ACTIVITY — Without the pictures, can you quote each line below exactly?

Stored records

---

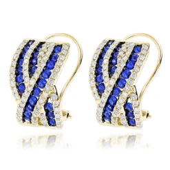 Unique Designer Blue Sapphire And Diamond Drop Earrings For Women 18K White Gold
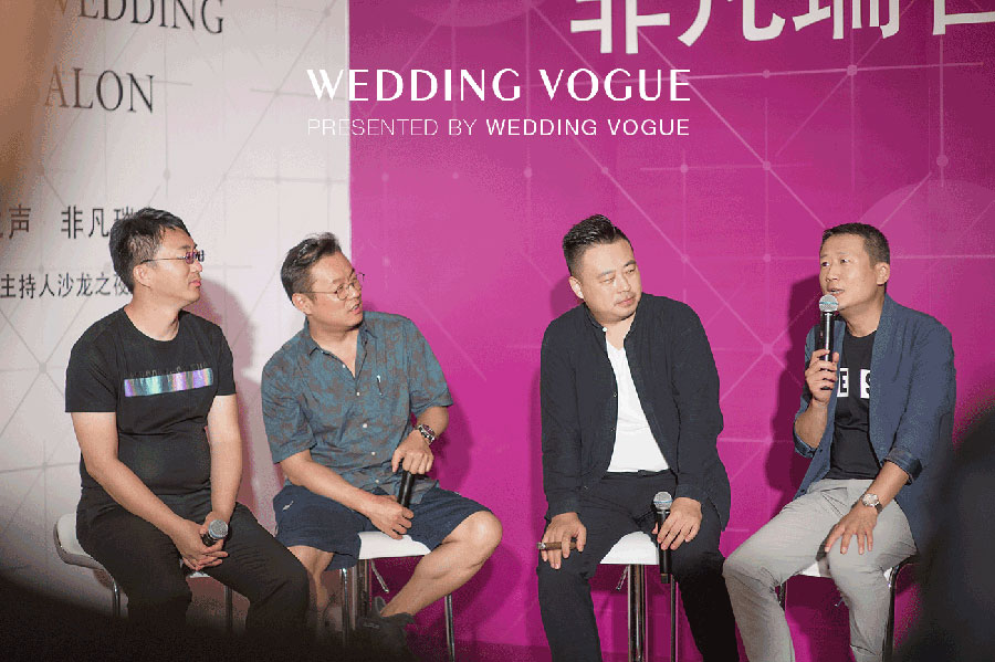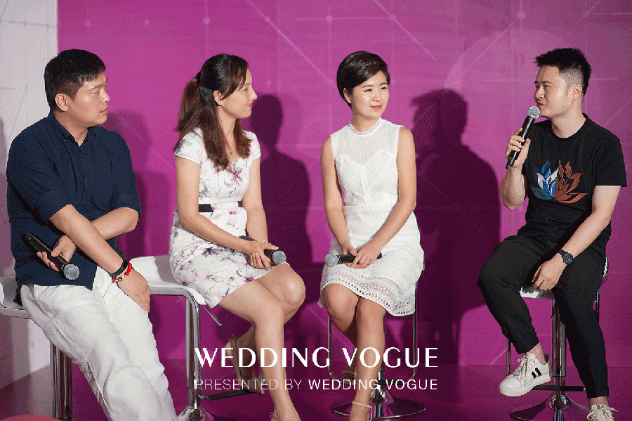首先上台分享的主持人是张晓光,林晓凡、邵晨东、高志庆。他们给出的一致答案就是勤奋、努力,踏踏实实做好每一场婚礼的主持,是所有婚礼主持人内心最大的情怀,心怀新人对自己信任,一步步中不断耕耘和肯定自己,让这样一份平凡的职业变得更好。希望将这份积累和努力而得到宽容的心态能够通过主持每一场婚礼传递给每一对新人。
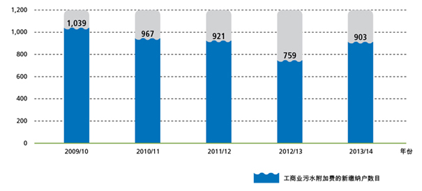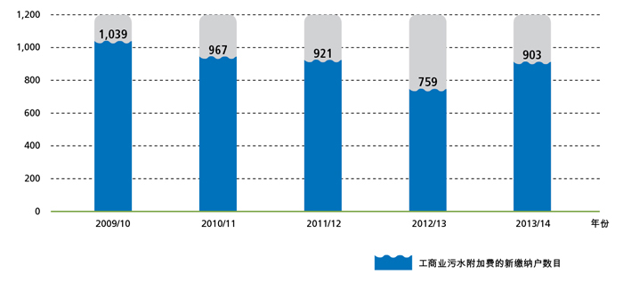 过去5年所发现工商业污水附加费的新缴纳户数目
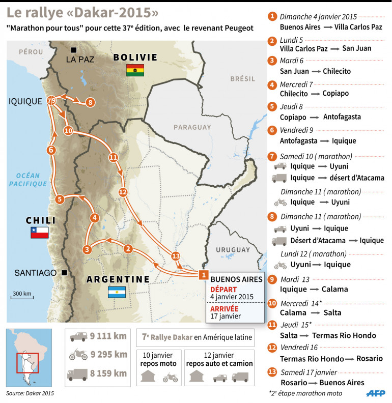 Les 414 véhicules engagés prendront le départ aujourd'hui de Buenos Aires pour une boucle de 9.200 km, dont 4.700 km de spéciales chronométrées, qui les ramènera le 17 janvier dans la capitale argentine, après une escapade en Chili et en Bolivie.
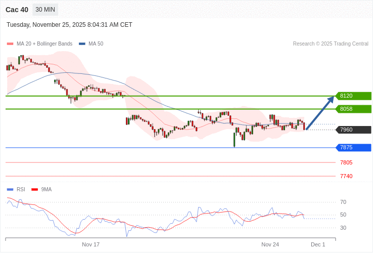 Klíčová slova: Intradenní výhled | Long | Pozice | Rezistence | Support | Trading | CAC 40 | Pivot | Trading Central | Supporty a rezistence | Výhled | Pokles | Dlouhé (long) pozice | Supporty |
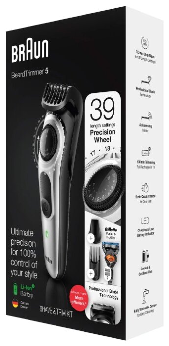 - Дополнительная информация: гребень 1 - 10 мм; гребень 11 - 20 мм; детальный триммер; щеточка для чистки; бритва Gillette Fusion
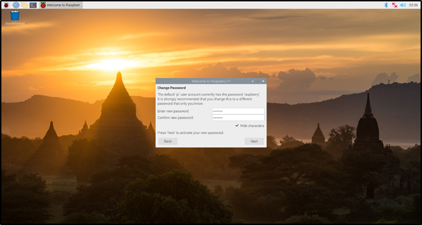 The next screen will prompt you to change your password. The default username is “pi” and the default password is “raspberry”
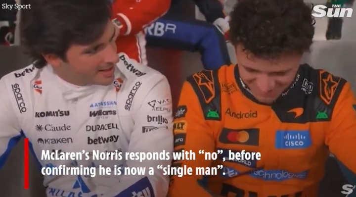 在本周的季前测试中,威廉姆斯车手塞恩斯闲聊时随口问诺里斯:“你和玛格丽达关系还好吗?”,诺里斯回应道“不”,并表示他现在单身。塞恩斯则看起来很惊讶。

---

RESULT OF THE TASK —
 Unique Designer Blue Sapphire And Diamond Drop Earrings For Women 18K White Gold
首先上台分享的主持人是张晓光,林晓凡、邵晨东、高志庆。他们给出的一致答案就是勤奋、努力,踏踏实实做好每一场婚礼的主持,是所有婚礼主持人内心最大的情怀,心怀新人对自己信任,一步步中不断耕耘和肯定自己,让这样一份平凡的职业变得更好。希望将这份积累和努力而得到宽容的心态能够通过主持每一场婚礼传递给每一对新人。
 过去5年所发现工商业污水附加费的新缴纳户数目
 Les 414 véhicules engagés prendront le départ aujourd'hui de Buenos Aires pour une boucle de 9.200 km, dont 4.700 km de spéciales chronométrées, qui les ramènera le 17 janvier dans la capitale argentine, après une escapade en Chili et en Bolivie.
 Klíčová slova: Intradenní výhled | Long | Pozice | Rezistence | Support | Trading | CAC 40 | Pivot | Trading Central | Supporty a rezistence | Výhled | Pokles | Dlouhé (long) pozice | Supporty |
 - Дополнительная информация: гребень 1 - 10 мм; гребень 11 - 20 мм; детальный триммер; щеточка для чистки; бритва Gillette Fusion
 The next screen will prompt you to change your password. The default username is “pi” and the default password is “raspberry”
 在本周的季前测试中,威廉姆斯车手塞恩斯闲聊时随口问诺里斯:“你和玛格丽达关系还好吗?”,诺里斯回应道“不”,并表示他现在单身。塞恩斯则看起来很惊讶。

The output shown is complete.